- [WHAT YOU HAVE TO DO]: There is one span to output from the data below: the lines starting at the line with "苯醚甲环唑、丙环唑、烯酰吗啉" and ending at the line with "最后,我想把脱贫不是一个口号". Output it exactly, ends included, nothing more.

- [MATERIAL PROVIDED]:
---+---

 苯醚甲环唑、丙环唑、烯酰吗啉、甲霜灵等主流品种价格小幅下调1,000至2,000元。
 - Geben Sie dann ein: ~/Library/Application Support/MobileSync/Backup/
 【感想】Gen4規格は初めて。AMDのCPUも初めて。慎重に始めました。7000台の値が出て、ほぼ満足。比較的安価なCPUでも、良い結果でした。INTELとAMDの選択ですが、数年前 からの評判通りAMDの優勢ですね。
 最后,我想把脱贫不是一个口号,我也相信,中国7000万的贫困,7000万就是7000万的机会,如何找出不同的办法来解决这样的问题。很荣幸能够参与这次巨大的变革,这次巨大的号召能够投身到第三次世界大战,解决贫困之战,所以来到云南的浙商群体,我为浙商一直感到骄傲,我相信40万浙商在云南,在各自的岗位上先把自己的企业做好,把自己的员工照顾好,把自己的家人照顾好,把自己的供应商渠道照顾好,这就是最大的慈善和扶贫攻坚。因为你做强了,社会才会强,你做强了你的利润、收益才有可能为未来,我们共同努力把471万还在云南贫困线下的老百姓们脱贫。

---+---

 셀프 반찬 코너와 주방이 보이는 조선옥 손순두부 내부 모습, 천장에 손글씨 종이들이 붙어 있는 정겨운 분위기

---+---

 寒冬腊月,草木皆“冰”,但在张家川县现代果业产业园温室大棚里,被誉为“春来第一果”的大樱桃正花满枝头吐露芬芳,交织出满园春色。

---+---

- [EXERCISE RESPONSE]:
 苯醚甲环唑、丙环唑、烯酰吗啉、甲霜灵等主流品种价格小幅下调1,000至2,000元。
 - Geben Sie dann ein: ~/Library/Application Support/MobileSync/Backup/
 【感想】Gen4規格は初めて。AMDのCPUも初めて。慎重に始めました。7000台の値が出て、ほぼ満足。比較的安価なCPUでも、良い結果でした。INTELとAMDの選択ですが、数年前 からの評判通りAMDの優勢ですね。
 最后,我想把脱贫不是一个口号,我也相信,中国7000万的贫困,7000万就是7000万的机会,如何找出不同的办法来解决这样的问题。很荣幸能够参与这次巨大的变革,这次巨大的号召能够投身到第三次世界大战,解决贫困之战,所以来到云南的浙商群体,我为浙商一直感到骄傲,我相信40万浙商在云南,在各自的岗位上先把自己的企业做好,把自己的员工照顾好,把自己的家人照顾好,把自己的供应商渠道照顾好,这就是最大的慈善和扶贫攻坚。因为你做强了,社会才会强,你做强了你的利润、收益才有可能为未来,我们共同努力把471万还在云南贫困线下的老百姓们脱贫。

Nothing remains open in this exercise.